### Task instructions
Starting at the line that contains "耳元で繊細に揺れる、可憐なフラワーモチーフのフープピアスです。", transcribe each line exactly through the end of the data below, and skip any pictures.

### Data section
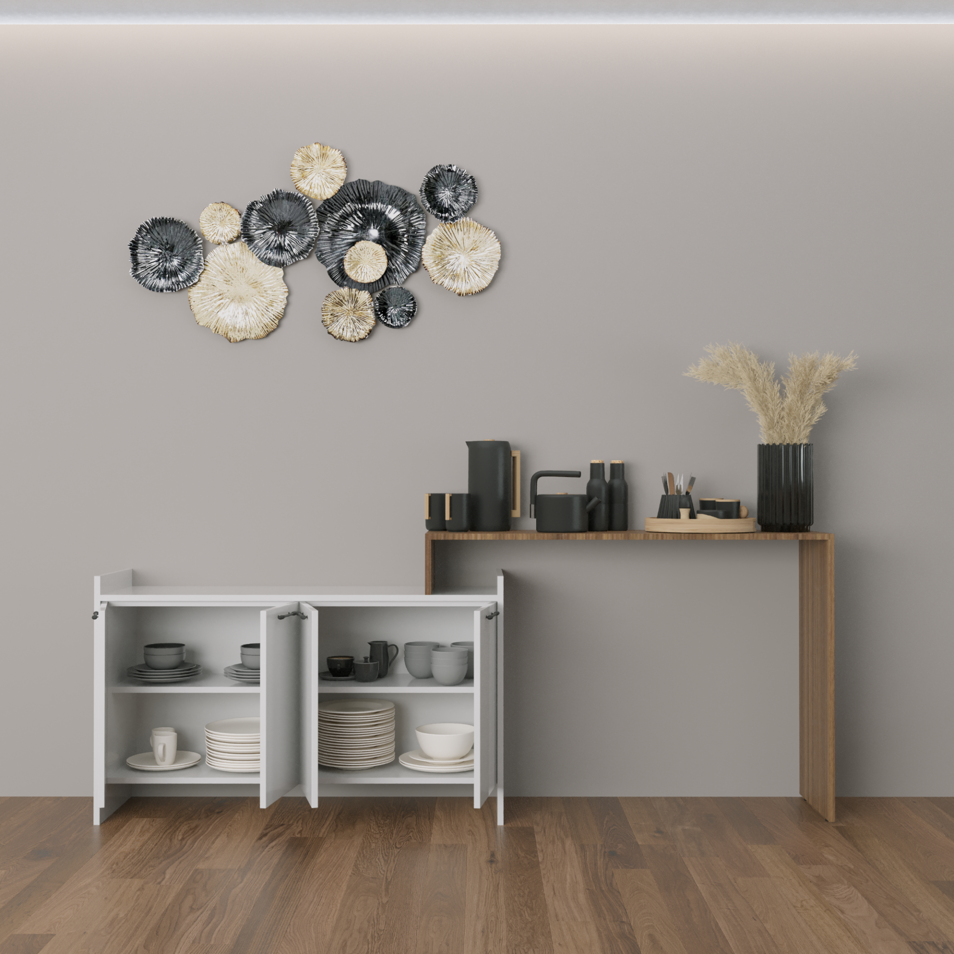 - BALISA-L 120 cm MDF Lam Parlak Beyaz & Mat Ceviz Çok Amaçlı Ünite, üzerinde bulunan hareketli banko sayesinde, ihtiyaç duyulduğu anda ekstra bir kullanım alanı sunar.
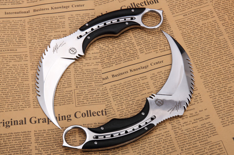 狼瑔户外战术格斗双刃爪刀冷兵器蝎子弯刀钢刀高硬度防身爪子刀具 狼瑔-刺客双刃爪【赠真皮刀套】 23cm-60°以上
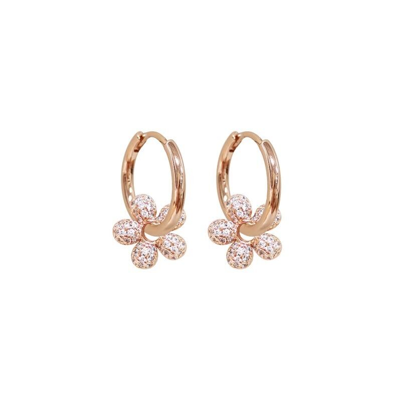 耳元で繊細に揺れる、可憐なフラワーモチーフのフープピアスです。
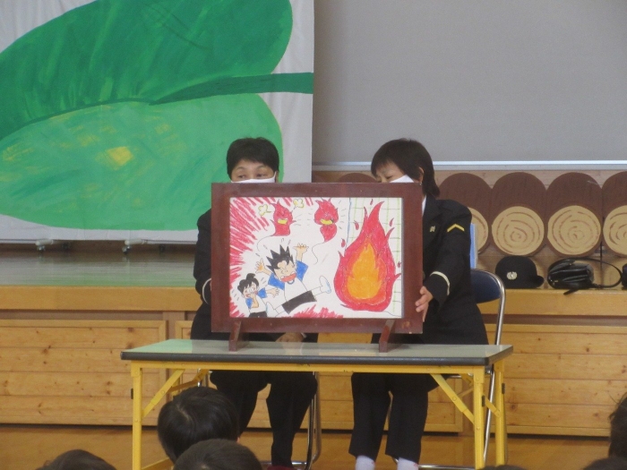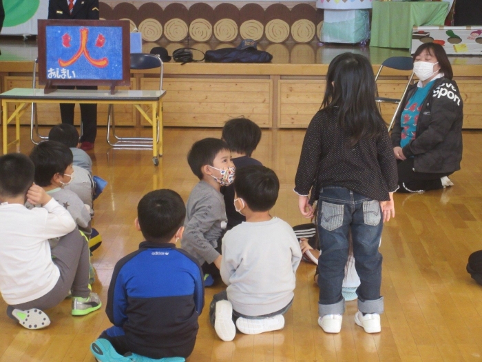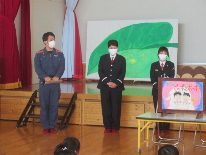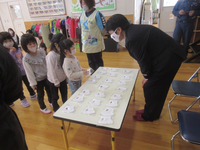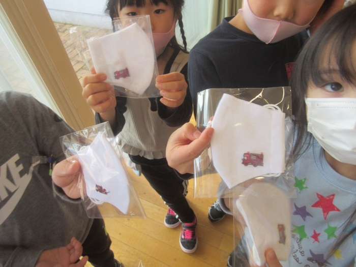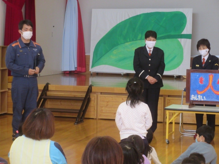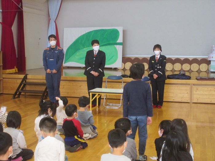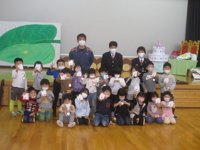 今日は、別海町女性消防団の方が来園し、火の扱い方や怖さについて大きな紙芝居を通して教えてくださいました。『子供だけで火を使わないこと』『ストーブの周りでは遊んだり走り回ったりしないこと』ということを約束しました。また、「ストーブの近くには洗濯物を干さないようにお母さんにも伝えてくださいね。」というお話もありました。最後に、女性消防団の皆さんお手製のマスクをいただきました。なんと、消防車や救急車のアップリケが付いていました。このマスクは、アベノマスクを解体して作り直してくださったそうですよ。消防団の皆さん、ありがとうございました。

### Answer
 耳元で繊細に揺れる、可憐なフラワーモチーフのフープピアスです。
 今日は、別海町女性消防団の方が来園し、火の扱い方や怖さについて大きな紙芝居を通して教えてくださいました。『子供だけで火を使わないこと』『ストーブの周りでは遊んだり走り回ったりしないこと』ということを約束しました。また、「ストーブの近くには洗濯物を干さないようにお母さんにも伝えてくださいね。」というお話もありました。最後に、女性消防団の皆さんお手製のマスクをいただきました。なんと、消防車や救急車のアップリケが付いていました。このマスクは、アベノマスクを解体して作り直してくださったそうですよ。消防団の皆さん、ありがとうございました。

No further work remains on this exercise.